The international reporting agreements and advances in computing power will make it easier for the IRS to track down non-compliant taxpayers. There are two important agreements that are leading to discovery of previously unreported accounts. First, the U.S. has adopted the Foreign Account Tax Compliance Act (“FATCA”) and , second, the Europeans have adopted Common Reporting Standards (“CRS”). When layered with Mutual Legal Assistance Agreements, between the U.S. and another country, the odds favor discovery of unreported accounts. The “matching programs” will search the FATCA reports and compare the information with FBARS and other filings by U.S. taxpayers to determine if a taxpayer has unreported accounts.
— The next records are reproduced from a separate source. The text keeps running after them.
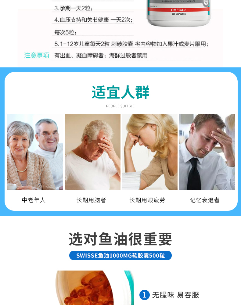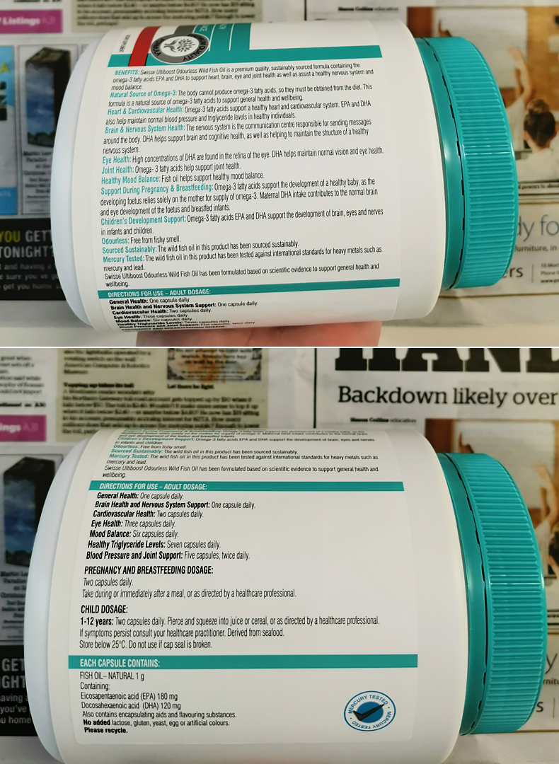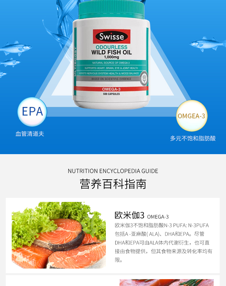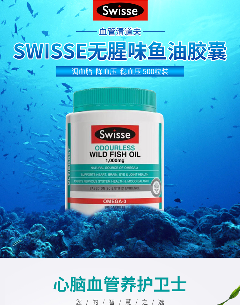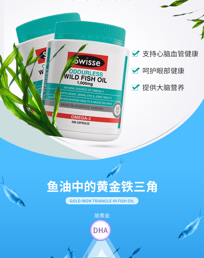 【400粒】Swisse 澳洲野生无腥味深海鱼油1000mg软胶囊400粒 omega-3 保质期2027.8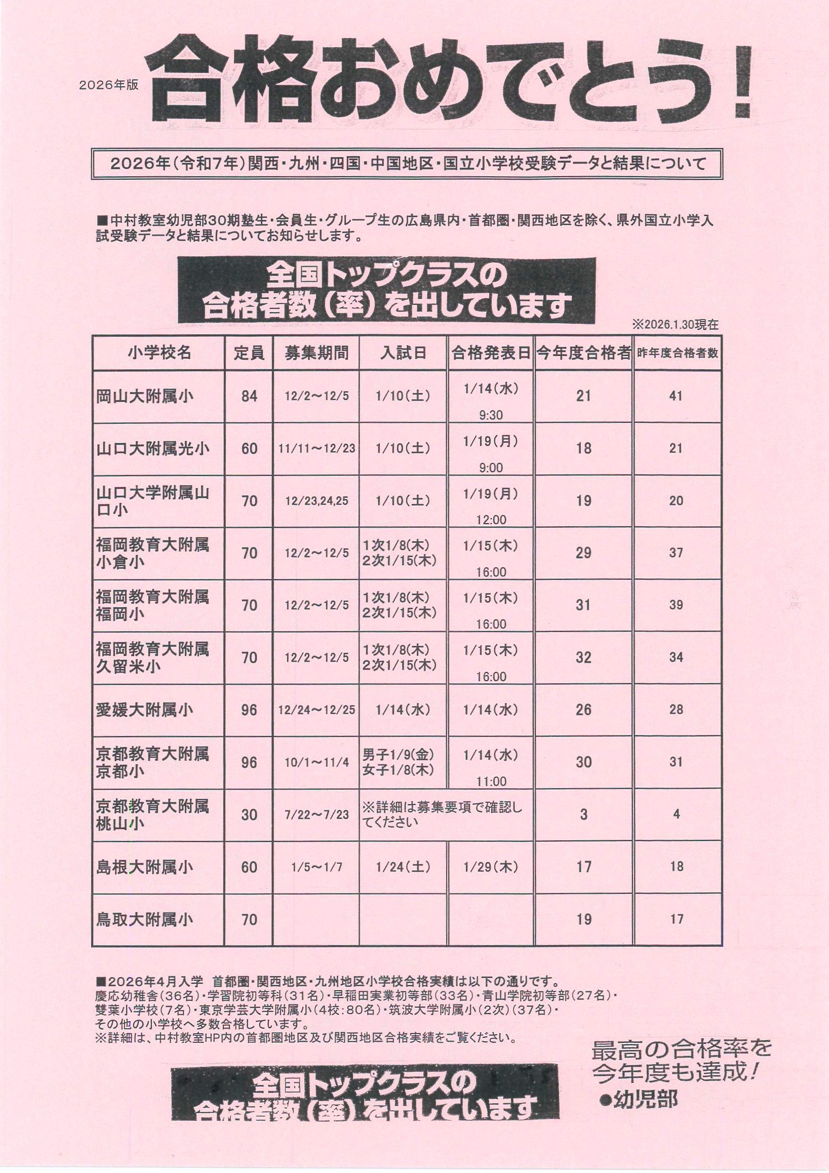 2026年01月30日 ㊗2026年 【関西・九州・四国・中四国地区】国立小学校合格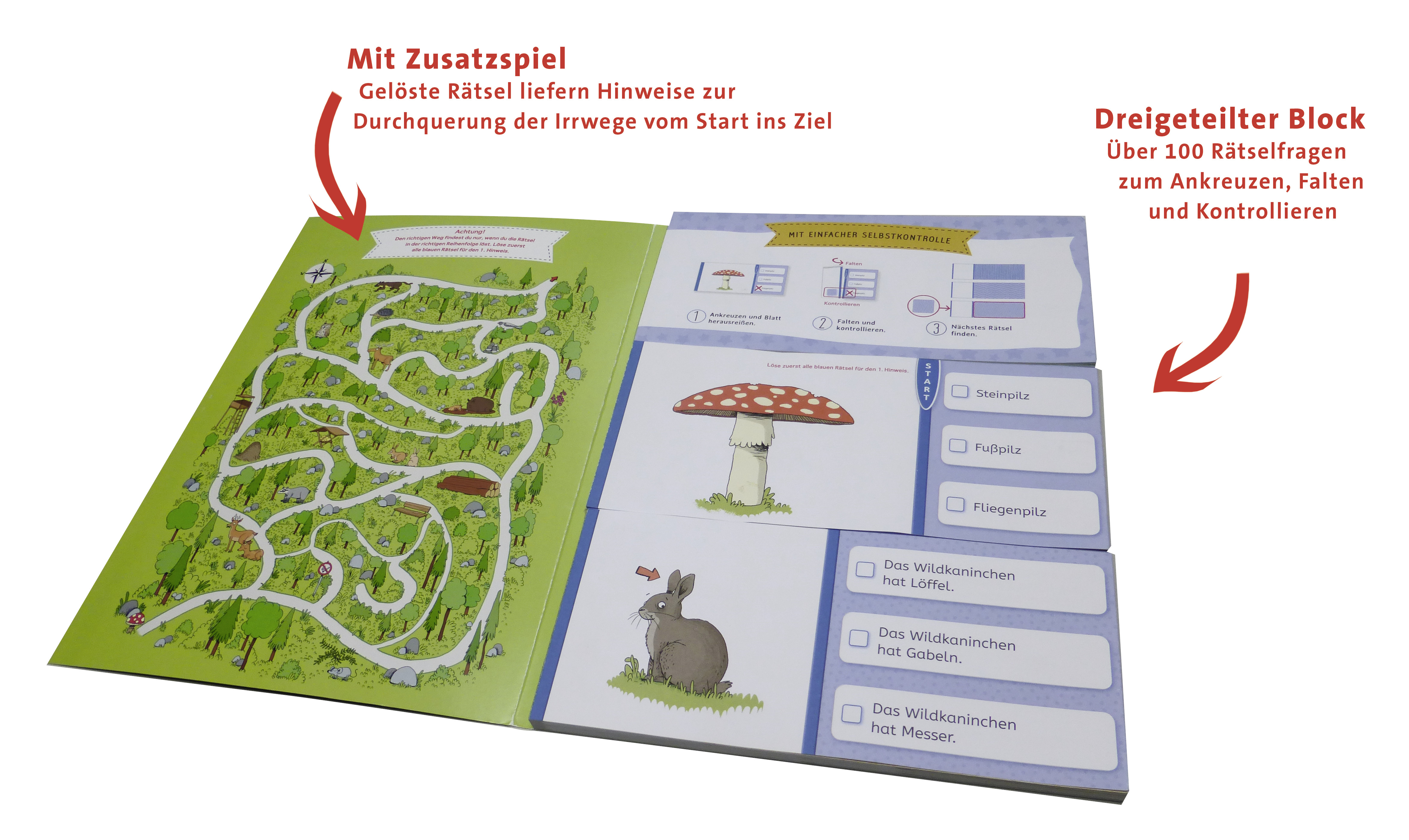 Hier ist altersgerechtes Sachwissen unterhaltsam wie noch nie! In über 100 witzigen Rätselfragen lernen die Kinder viele spannende Fakten aus dem Wald.

If unreported accounts turn up then the IRS will refer the taxpayer to exam (audit) and potential penalty assessment.
There are on-going refinements to the audit process, but taxpayer’s with “roots” in other countries who have reportable income or assets in that country or elsewhere need to realize need to be advised by their tax professionals and by the IRS (on its website) on an on-going basis of their compliance obligations.
I often see clients when an audit is under way and the issue of unreported foreign income or assets has been raised by the auditor. Audit and penalty defense cases with international issues are often lengthy and complex. It is always better to come forward and clean-up the past rather then have to defend acts of non-compliance. There are several methods to come forward, the choice is based upon the facts.
Conclusion: Report and disclose foreign holdings timely. If there are unreported items consider coming forward. If under exam, hire skill counsel to guide you through the traps and minimize penalty exposure and risk of prosecution.